There's a childlike glee underneath the stoic, monotone interactions the men have as they fiddle with their synecdoche.


Gorin's loose, autobiographical approach to documentary resembles like an intersection of Ross McElwee, a less self-serious Werner Herzog, and early Errol Morris. He connects the dots between his own fascination with America, the train club, and his relationship with polymathic film critic Manny Farber. In Farber's paintings, Gorin sees an unkempt, visceral version of the train club's creations.


Farber's pictures are basically a bouillabaisse of  America -- railroad tracks swirl together with cowboys, Indians, Hollywood starlets, astronauts, apple pie, etc. Gorin uses them as a Rosetta Stone to interpret his own relationships with the film's subjects. The result is fascinating and a lot of fun. This material could have been over-ponderous and cynical, but Gorin is never heavy-handed. The three films in the set reveal Gorin to be a confident filmmaker, enamored with his subject matter but still grounded in the pursuit of truth.

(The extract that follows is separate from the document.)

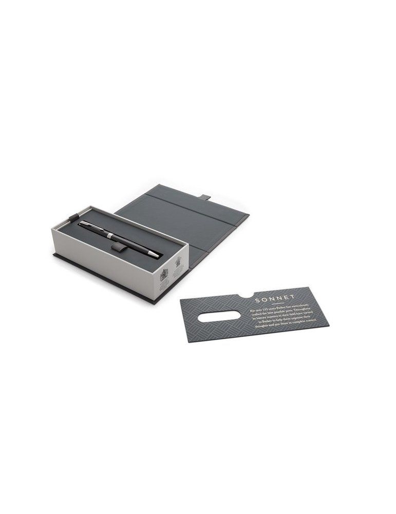 della serie Sonnet, in resina satinata nera, finiture in acciaio cromato, clip sagomata stile Parker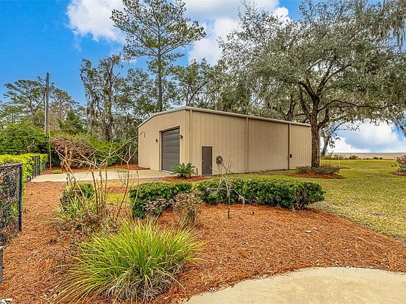 Discover your dream home nestled on nearly an acre of pristine marshfront property, offering sweeping views and an extraordinary lifestyle. This exceptional estate features a custom-built stucco home that blends elegance and comfort, with soaring ceilings, beautiful reclaimed hardwood floors, solid wood doors, and a brand-new roof. Step outside to enjoy a private, screened-in saltwater pool and spa, complemented by an outdoor kitchen perfect for entertaining. The expansive 40’x60’ outbuilding, with a 14-foot roll-up door, provides abundant space for vehicle storage, an RV, boat, or a workshop, offering unmatched flexibility. Inside, the spacious primary suite is a luxurious retreat, complete with dual walk-in closets, a spa-like bath with separate vanities, a soaking tub, and a walk-in shower. The inviting office, located just off the great room, features stunning pecky cypress beams and custom built-ins—ideal for working from home or serving as a cozy den or study. The large great room boasts a fireplace, built-in shelves, and panoramic marsh views.

Another great scene in ROUTINE PLEASURES involves the club's leader, Corky Thompson, sharing home movies he's taken throughout the years of various trains.

(Eat your heart out, James Benning.)

The men are rapt. Their pleasure -- routine though it may be -- is palpable.


(Eh. I could've grabbed a better frame. But you get the idea.)

"Could I ever have such a hold on an audience?" Gorin asks. ROUTINE PLEASURES is a testament to the affirmative.

I'll have more to say about the set in a review for GreenCine. It's another revelation courtesy of the Eclipse line and highly recommended.